## [Exercise instructions]
Extract the lines of the material below, beginning with the first and ending with the line that holds "10月8日,山东济南历山东路". Skip every picture.

[Opening Extracted records section]

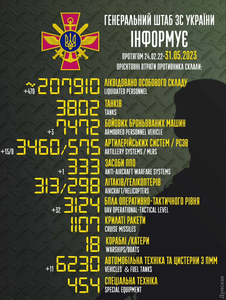 Ще 470 російських солдатів були «демілітаризовані та денацифіковані» в Україні 30 травня. За час повномасштабного вторгнення противник втратив уже 207 тисяч 910 своїх військових.
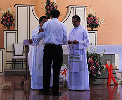 P. William Dávila, de la Subcomisión de VIH, dirige la oración final |
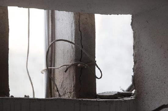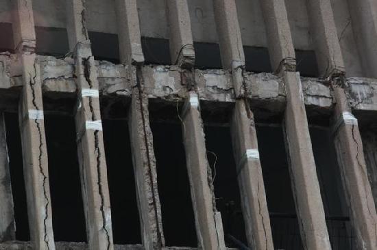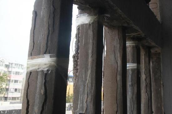 10月8日,山东济南历山东路2号一居民楼出现楼体柱子多处开裂,用透明胶带捆绑固定的情况。现场四单元顶楼位置两根悬在半空的柱子由两根绳子拽住,一些居民反映,外出家门十分担忧,有时抱头出行。
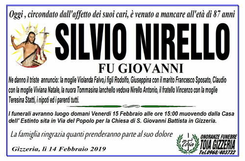 I funerali avranno luogo domani Venerdi 15 Febbraio alle ore 15:00 muovendo dalla Casa
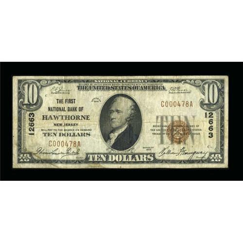 <B>Hawthorne, NJ</B></I> - $10 1929 Ty. 1 <B>The First NB</B></I> Ch. # 12663<BR> A scarce Passaic County bank which issued small size notes only. This is the first example we've had to offer from this community since our May, 1991 sale. <B>Fine.</B></I><BR><BR><b>Shipping:</b> Coins & Currency (<a target="_blank" href="http://www.heritageauctions.com/common/shipping.php">view shipping information</a>)
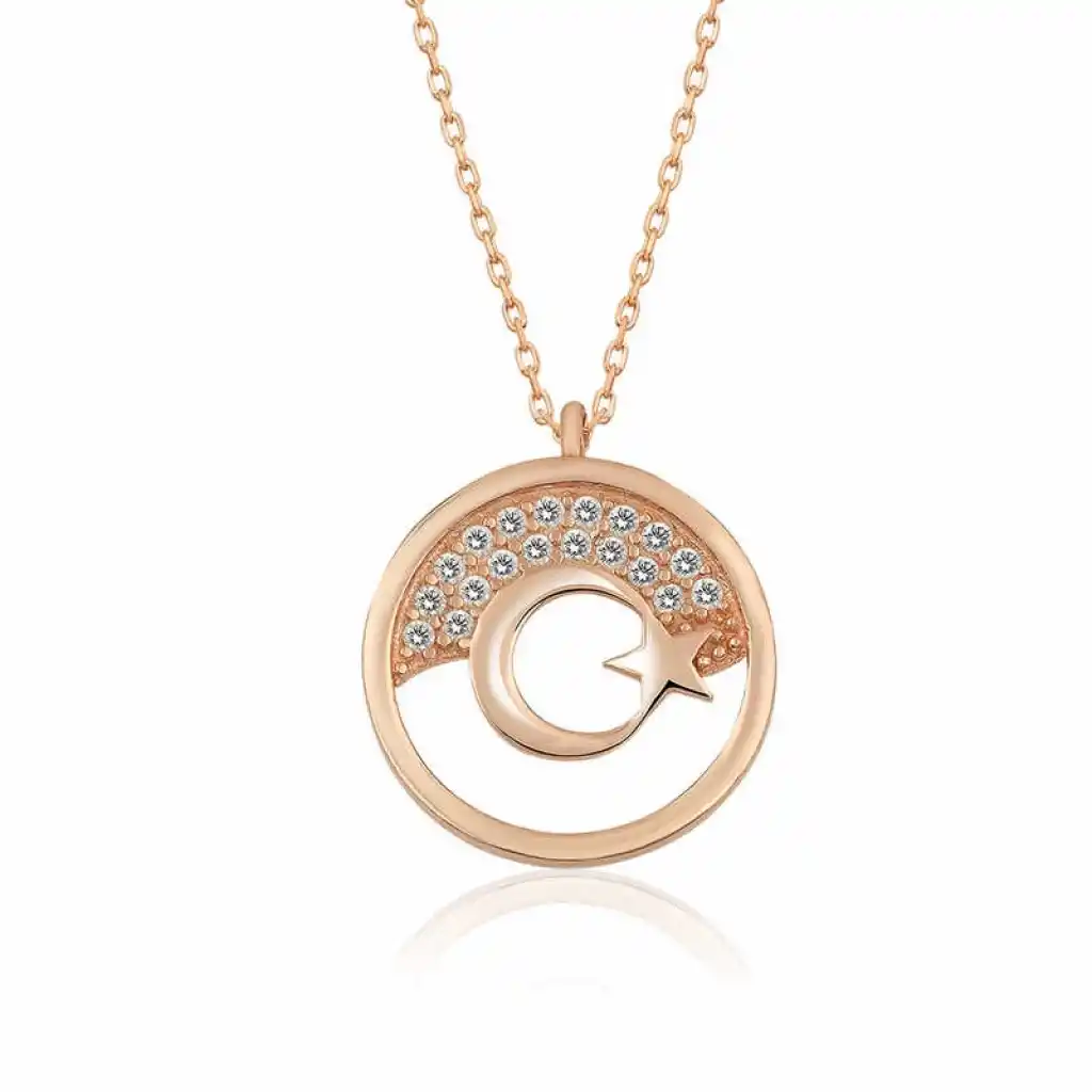 Türk Bayrağının rengini şehitlerin kanından, ilhamını da kan gölüne yansıyan ay ve yıldızdan aldığını biliyoruz. Bayrağın taşıdığı kutsal anlamı teninizde taşımak ve sevdiklerinizle paylaşmak için kaçırılmayacak bir fırsat. Ay yıldız kolye 925 ayar gümüşten imal edilmiştir. Gümüş üzerine rose kaplama yapılmıştır. Rose kaplama yapılan kolye modelleri parlaklığını uzun süre muhafaza eder ve oksitlenmesi gecikir. Tüm kolye modellerinde olduğu gibi rose ay yıldız bayan kolye de el emeği ile üretilmiştir. Üzerindeki taşlar zirkondur. Gümüş ve değerli taşlar nedeniyle belirtilen ortalama ürün ağırlığında ± %10 sapma olabilmektedir.
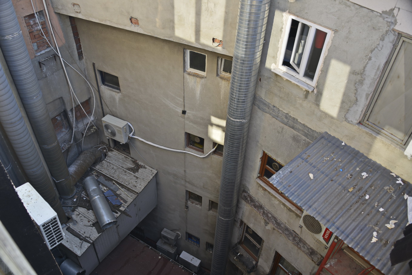 O muezzin encerra o canto e o que avisto pela janela é um mero quadrado de janelas a três metros de distância, do espaço livre encaixotado dentro da edificação em toda a sua altura, destinado a garantir iluminação e ventilação aos quartos, já que não dão para a rua Vejo paredes mal acabadas, tubos, fios, chaminés, parabólicas desgastadas, parapeitos sujos e mal cuidados por onde cômodos mal peneirados por suas cortinas, outros sem elas, me permitem vislumbrar seus interiores sem vida. Alguns parecem escritórios, outros residências. Não curto este voyerismo inadequado e quase me envergonho dele, mas a curiosidade naqueles cômodos é mais forte. Recolho-me, contudo, temendo que um vizinho apareça e perceba minha afronta invasiva, e ele não estaria errado. Prefiro aprofundar-me na preparação do dia em vez de deter-me naquele espaço sem história e sem vida, janelas que sequer uma nesga de rua permitem. Mesmo sendo tão desconcertante o cenário, eu o fotografo com mera intenção de reportagem, de mostrá-lo aqui ao leitor. Enquanto penso nas palavras para descrevê-lo, imagino o que diria um versado em arte arquitetônica diante daquele prisma, mas o estômago se manifesta e demonstra saber que existe algo melhor a aproveitar do que aquela vista.
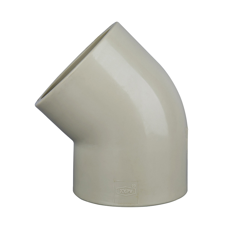 Ổ cắm nóng màu vàng đất siêu bền 45 ° Hình dạng bằng nhau Khuỷu tay Kích thước tiêu chuẩn chuyên nghiệp DN15-100 Phụ kiện ống nhựa Khuỷu tay PPH 45 °
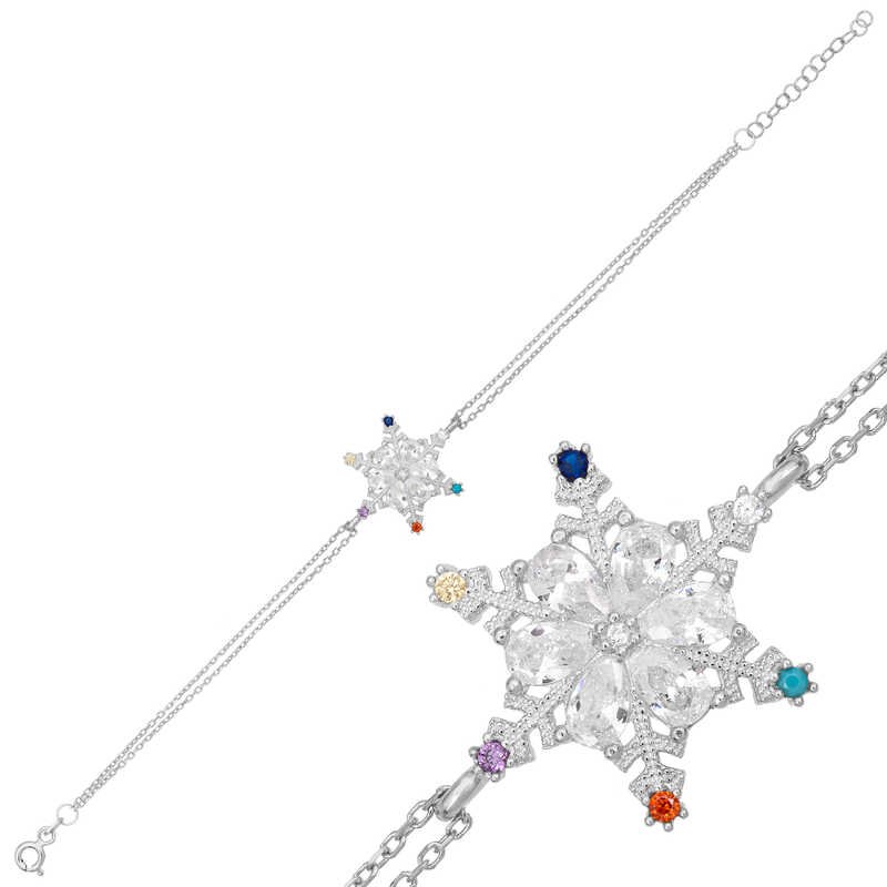 Gümüş Renkli Taşlı Kar Tanesi Kadın Bileklik
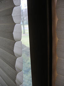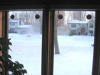 Ron Hedrick suggested that I needed to treat all six windows for optimum benefit. I positioned a circle of Dynamat in each corner, about two inches from each edge as illustrated on the Marigo Labs website. I peeled the waxed paper off the black sticky side and carefully oriented the circles so the printed abstract designs that were part of the Dynamat labeling created a quasi-Zen-like artistic symbol. Hey, sometimes you have to work with what you've got. Plan B is to paint them to match the walls. The black tacky material sticks tenaciously to the glass and is hardly noticeable from the outside of the house unless you're looking for it. If necessary, the circles can be removed with a razor blade and any slight residue should come off with a solvent such as the bug and tar remover you use on your car.
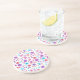 Uma porta copos redonda e arenosa bonito, com um padrão de flores brilhantes em roxo, turquesa, rosa e laranja sobre fundo branco, de uma colagem de papel pintada à mão por Judy Adamson. Você pode mudar facilmente a cor do plano de fundo, se desejar, usando o botão Editar.
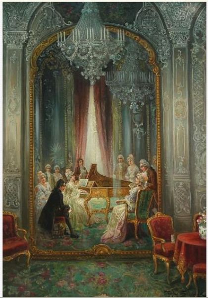 Rococointerior with persons arround a table
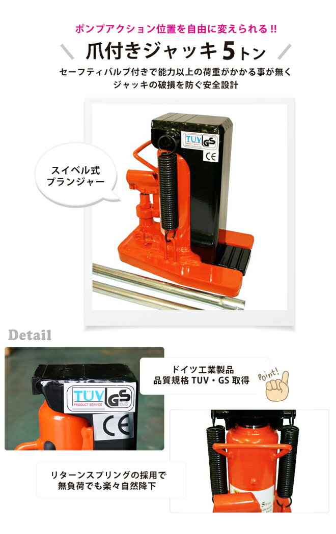 爪ジャッキ5トン 爪付ジャッキ 油圧ジャッキ 重量物用 6ヶ月保証 NJ-5 KIKAIYA
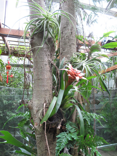 上海植物園的鳳梨科植物的收集在華東地區可謂屈指可數,數量多、品種豐富姑且不說,單單在此次迎新花展的布展形式上就極富創意的為鳳梨營造出原生態環境。原先鳳梨大多布置在花盆里作為地被使用,現在的鳳梨依附在樹枝上,似相生相伴,別有一番景致。紅色系的鳳梨主要有“吉利紅星”,火炬果子蔓等。

[Closing Extracted records section]

## [Result of the exercise]
 Ще 470 російських солдатів були «демілітаризовані та денацифіковані» в Україні 30 травня. За час повномасштабного вторгнення противник втратив уже 207 тисяч 910 своїх військових.
 P. William Dávila, de la Subcomisión de VIH, dirige la oración final |
 10月8日,山东济南历山东路2号一居民楼出现楼体柱子多处开裂,用透明胶带捆绑固定的情况。现场四单元顶楼位置两根悬在半空的柱子由两根绳子拽住,一些居民反映,外出家门十分担忧,有时抱头出行。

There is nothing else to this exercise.